Persistent file systems

  • designed for long-term storage and workloads.
  • is highly available, and data is automatically replicated within the AZ that is associated with the file system.
  • data volumes attached to the file servers are replicated independently from the file servers to which they are attached.
  • if a file server becomes unavailable, it is replaced automatically within minutes of failure.
  • continuously monitored for hardware failures, and automatically replaces infrastructure components in the event of a failure.
  • ideal for workloads that run for extended periods or indefinitely, and that might be sensitive to disruptions in availability.

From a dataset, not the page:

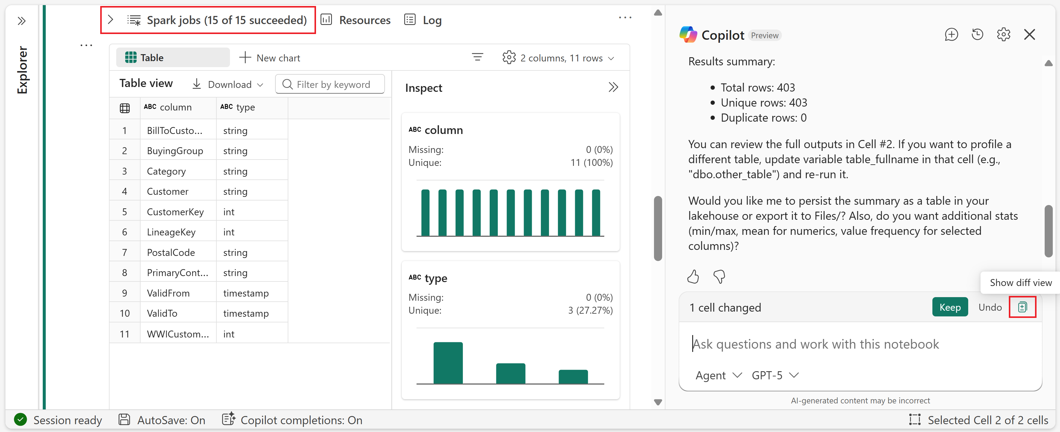After the Spark job completes, you can choose to Keep or Undo the changes to the notebook. You can also open the diff view to see exactly what Copilot changed.

FSx for Lustre - Scratch vs Persistence

FSx for Lustre with S3

  • Amazon FSx also integrates seamlessly with S3, making it easy to process cloud data sets with the Lustre high-performance file system.
  • Amazon FSx for Lustre file system transparently presents S3 objects as files and allows writing changed data back to S3.
  • Amazon FSx for Lustre file system can be linked with a specified S3 bucket, making the data in the S3 accessible to the file system.
  • S3 objects’ names and prefixes will be visible as files and directories
  • S3 objects are lazy-loaded by default.
    • FSx automatically loads the corresponding objects from S3 only when first accessed by the applications.
    • Subsequent reads of these files are served directly out of the file system with low, consistent latencies.
    • Amazon FSx for Lustre file system can optionally be batch hydrated.
  • Amazon FSx for Lustre uses parallel data transfer techniques to transfer data from S3 at up to hundreds of GBs/s.
  • Files from the file system can be exported back to the S3 bucket

FSx for Lustre Security

  • FSx for Lustre provides encryption at rest for the file system and the backups, by default, using KMS
  • FSx encrypts data-in-transit when accessed from supported EC2 instances only

FSx for Lustre Scalability

  • Amazon FSx for Lustre file systems scale to hundreds of GB/s of throughput and millions of IOPS.
  • FSx for Lustre also supports concurrent access to the same file or directory from thousands of compute instances.
  • FSx for Lustre provides consistent, sub-millisecond latencies for file operations.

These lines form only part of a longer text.